Friday, August 26, 2005

In the midst of the new and familiar

There are days, like today, when I have a chance to go to Queens to visit my Aunt Jenny. We call one another, or one of us will find the other milling around online. From there, we coordinate schedules, and then I head down to Queens for the span of a day. My time there usually consists of providing chauffer service on what amounts to a massive (and always entertaining) shopping and errand trip. Today, for instance, there was a trip to the bank, the grocery store, a restaurant, and two shopping centers. Typical Aunt Jenny day. Among the perks of the experience, I get to drive around in a Mercedes all day, and I get to chat up Aunt Jenny, who is perhaps the one person in my whole family with whom I have the most in common.

My years growing up were, by and large, isolated from family on either side. Odd little policy on the part of my dad, I think, to keep us out of whatever possible family drama might arise from time to time. As far as I can tell, it was an effective strategy. On the downside, however, it also meant being cut off from all of the good family. Prior to now, I haven't really had much contact with my aunt, or the majority of my mother's side of the family, which I can now say was an unfortunate turn of events. Good thing I live here now, though, and that Aunt Jenny is never more than a subway ride away, give or take a couple of busses.

As I see it, most of us grow up with an understanding that there exists an ideal family structure and dynamic, and that none of us necessarily have it. We accept our flawed family situations and observe the version often perpetuated by media and folklore to be the favorable version, taking occassional measures of our own experiences in light of the shining example of the idillic family. In my case, I've made the surprise discovery of access to that sort of family feeling, much in the way one might find an old heirloom tucked away and gathering dust among the long-ago forgotten clutter of an attic, stored away for safekeeping by someone who lived in the house long before. It's both old and new, both familiar and completely novel. Best of all, there's a little bit of you connected to what you find, although you may have never set eyes on it before; it speaks to you in the voice of someone you never knew, yet who knew you even before you were born.
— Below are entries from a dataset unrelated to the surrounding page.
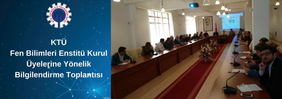 Fen Bilimleri Enstitü Kurulu Üyelerine Rektörlük Senato Salonunda KTÜ Rektörü Prof. Dr. Süleyman BAYKAL, Rektör Yardımcısı Prof. Dr. Asım ÖREM, KTÜ TTO Müdürü, KTÜ TTO Yönetim kurulu üyeleri, Fen Bilimleri Enstitü müdürü ve Fen Bilimleri Enstitü Kurul üyelerinin katılımıyla bir toplantı gerçekleştirildi. Toplantıda KTÜ Teknoloji Transfer Ofisi (KTÜ TTO) faaliyetlerinin tanıtımı, 2018 yılı çağrısı açılan TÜBİTAK 1003 Öncelikli AlanlarlarArge projeleri destekleme programı çağrıları ile üniversitemizde yapılan tezler için üniversite-sanayi işbirliğinin arttırılmasına yönelik yapılabilecek çalışmalar görüşüldü.
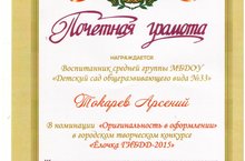 26 декабря воспитанников группы №6 Гарипову Лилиану и Кузягина Семёна за участие в Новогоднем шахматно турнире наградили Дипломами, подарками и призами
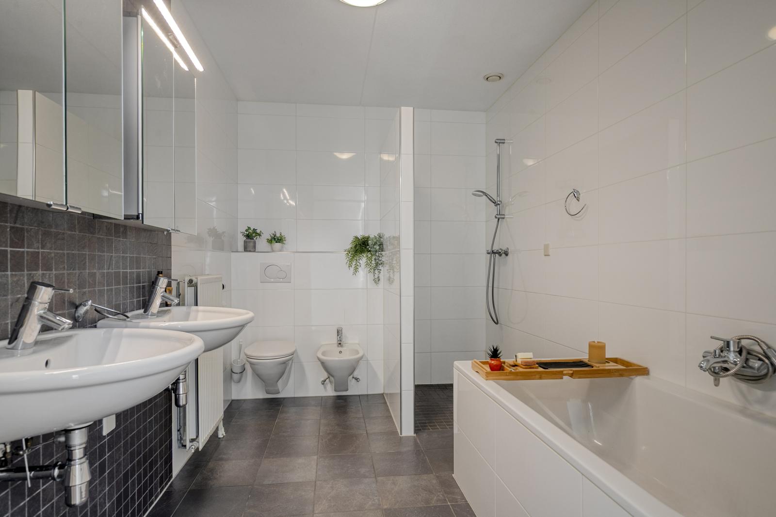 De inpandige, moderne badkamer is voorzien van een inloopdouche, 2e toilet, bidet en een dubbele wastafel.
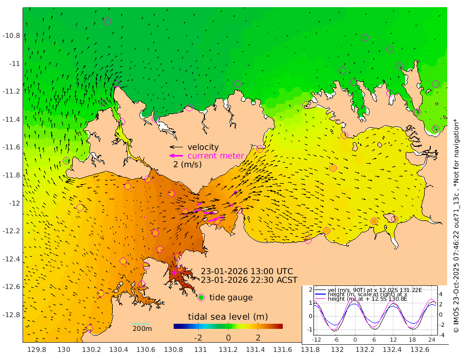 156cm/s 78T +4cm/s rms + 6cm/s 51T. Darwin_C1 52m 104cm/s 93T +4cm/s rms + 7cm/s -161T. Darwin_CW1 22m 101cm/s 71T +4cm/s rms + 8cm/s 61T. Darwin_CW2 34m 100cm/s 46T +3cm/s rms + 9cm/s 98T. Darwin_CW3 22m 163cm/s 90T +5cm/s rms + 7cm/s 88T. Darwin_C3 56m 78cm/s 66T +2cm/s rms + 9cm/s -126T. Darwin_CTbW 22m 11cm/s -28T +1cm/s rms + 1cm/s -47T. DARBGF 30m 23cm/s -32T +4cm/s rms + 3cm/s 80T. NRSDAR 19m -37cm Goodrich Bank 149cm Point Jenny 148cm Native Point 160cm Fish Reef 177cm Tapa Bay 42cm Point Fawcett (Offshore) 205cm Burge Point 164cm Munkunuwa 120cm Beagle A 202cm Parsons Bank 193cm Fenton Patches 204cm Hancox Shoal Area 218cm Nightcliff 230cm Darwin 190cm Charles Point Patches 187cm Glyde Point 188cm Chambers Bay 184cm Point Stuart 169cm Cape Hotham 173cm Christine Reef 203cm West Alligator Head 204cm East Field Island 151cm Two Hills Bay 149cm Camp Point 177cm Medina Inlet South 33cm South Barlow Point -1cm St. Asaph Bay -37cm Cape Van Dieman -25cm Snake Bay -30cm Cache Point -2cm Point Jahleel (Off) 60cm Cape Don 2cm Port Essington 2cm Smith Point - West 0cm NW Peacock Island -18cm North Of Jones Shoal -5cm Peacock Island 25cm Point David 4cm D'urville Point 28cm Copeland Island 24cm One Tree Point
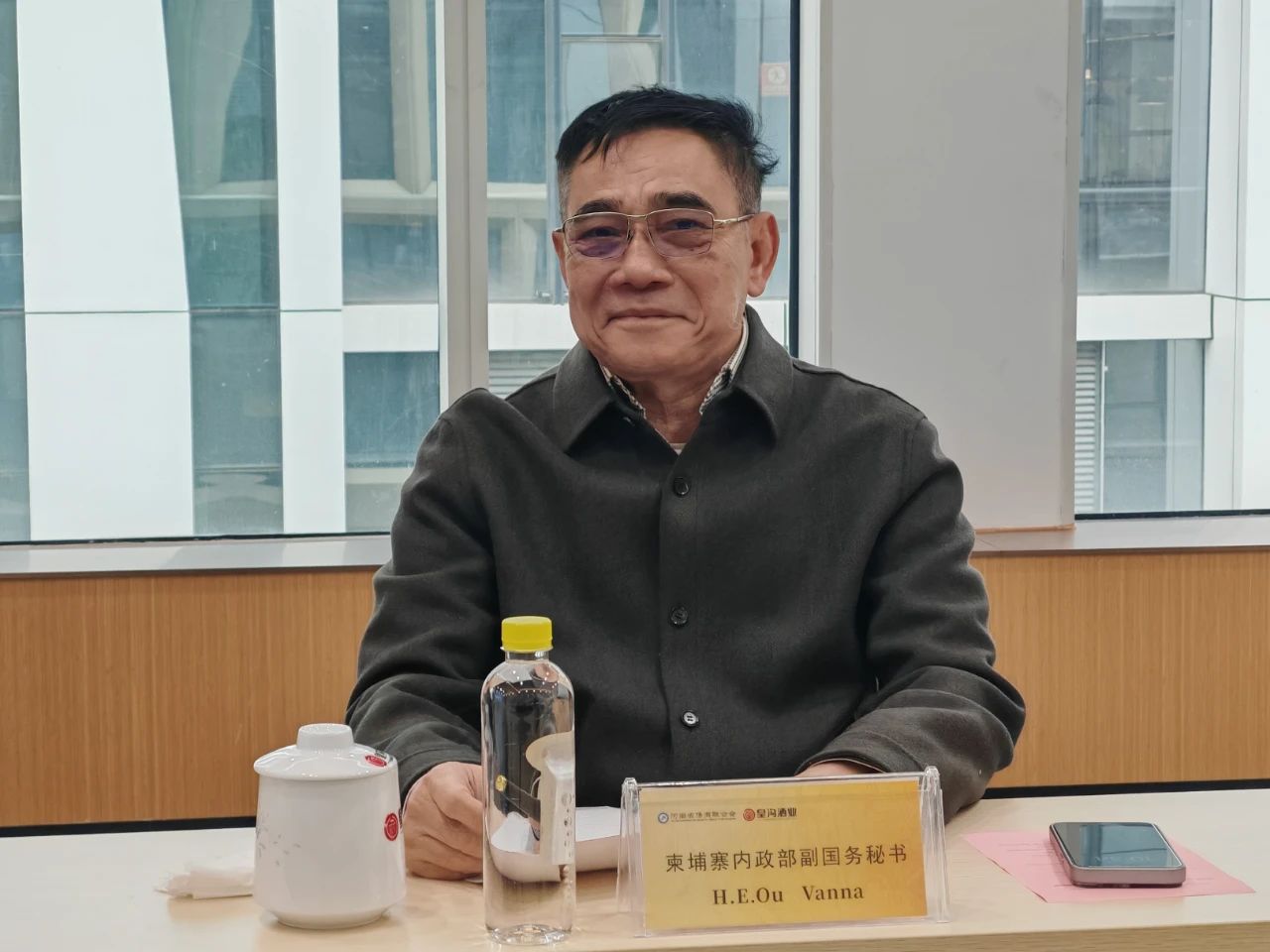 會后,河南省僑商聯(lián)合會會長、駐會執(zhí)行會長與柬埔寨內(nèi)政部國務(wù)秘書、副國務(wù)秘書互贈禮物。

Such discoveries are the stuff of a very special kind of self-revelatory experience, and I'm begining to find just how much fun it can be to rummage through the attic this way.

One of my dear friends, John (I've always known too many guys named John), contacted me to let me know he has just landed his first major college-level teaching possition in a music department. I shared my news about my teaching work as part of my assistanceship, and he made the statement that hell had officially frozen over, now that we, the two miscreants that we are, have become college educators. I can now add another similarity to the list between us; he has an entire wing of family that was little more than a mystery to him until he became an adult, and has now discovered the joys of knowing some of them on his own terms. I, too, can chalk up this very phenomenon to my own experience... may the air conditioning in hell continue to blow.